Steelworker for the future
Posted on 13.12.11 by
The Steelworker for the Future programme, for young people who want a career in the steel industry, offers a unique opportunity to ‘earn while you learn’.
Steel is in the cars we drive, in the buildings where we live and work, and in the tools and machines we use everyday. The steel industry and its products have evolved to successfully meet the needs of different generations, as the tagline for ArcelorMittal’s Steelworker for the Future programme reads ‘this is not your grandfather’s steel industry’.
The average age of a steelworker working for ArcelorMittal in the US is around 57 years. Our training programme, whose first students graduated in November 2011, is changing that. “As more men and women near retirement age, many manufacturers like ArcelorMittal will lose skilled workers,” says Eric Hauge, vice president and general manager at ArcelorMittal Cleveland. “Steelworker for the Future will help ensure that we have a skilled workforce in the future, allowing us to continue to compete in the global marketplace and produce safe, sustainable steel.”

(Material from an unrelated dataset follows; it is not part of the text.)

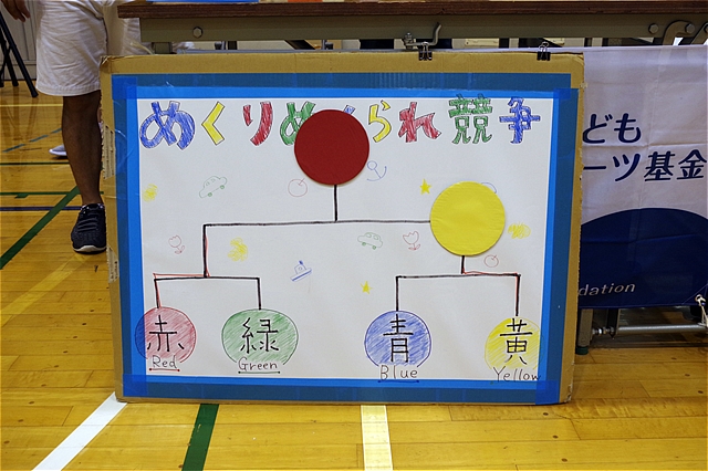 赤・黄・青・緑のチームが競い合い結果は赤組チームが優勝。 |

Trainees study for an Associate in Applied Sciences degree while also spending time on site, combining academic and practical learning. The programme includes four semesters (two years) of classroom training at a participating institution and up to 24 weeks (six months) of on-site training at ArcelorMittal. The pilot programme was launched in 2008 with Ivy Tech Community College in Indiana and Prairie State College in Illinois in the US. ArcelorMittal hired 18 of the 23 graduates. This 78% successful recruitment rate is higher than some of the Tier 1 universities around the world.
Andrew Sweeney, one of the proud graduates of the class of 2010 at Prairie State, shares his experience: “I was working in residential electrical work when I learned about the opportunity to become a steelworker. At Prairie State, I gained valuable classroom and practical experience that prepared me for work in a steel mill.
Through my internship at ArcelorMittal Indiana Harbor, the hands-on training and support from co-workers gave me the skills and confidence I needed to do the job well and safely. I recognise that I could have explored opportunities elsewhere, but the work and the people convinced me that ArcelorMittal was the right choice for me. Today, I work as a maintenance technician for electrical at ArcelorMittal Burns Harbor.”
In collaboration with the United Steelworkers union, ArcelorMittal Cleveland and Lakeland Community College, the programme has now been launched in Ohio and is open for applicants who hold a high-school diploma.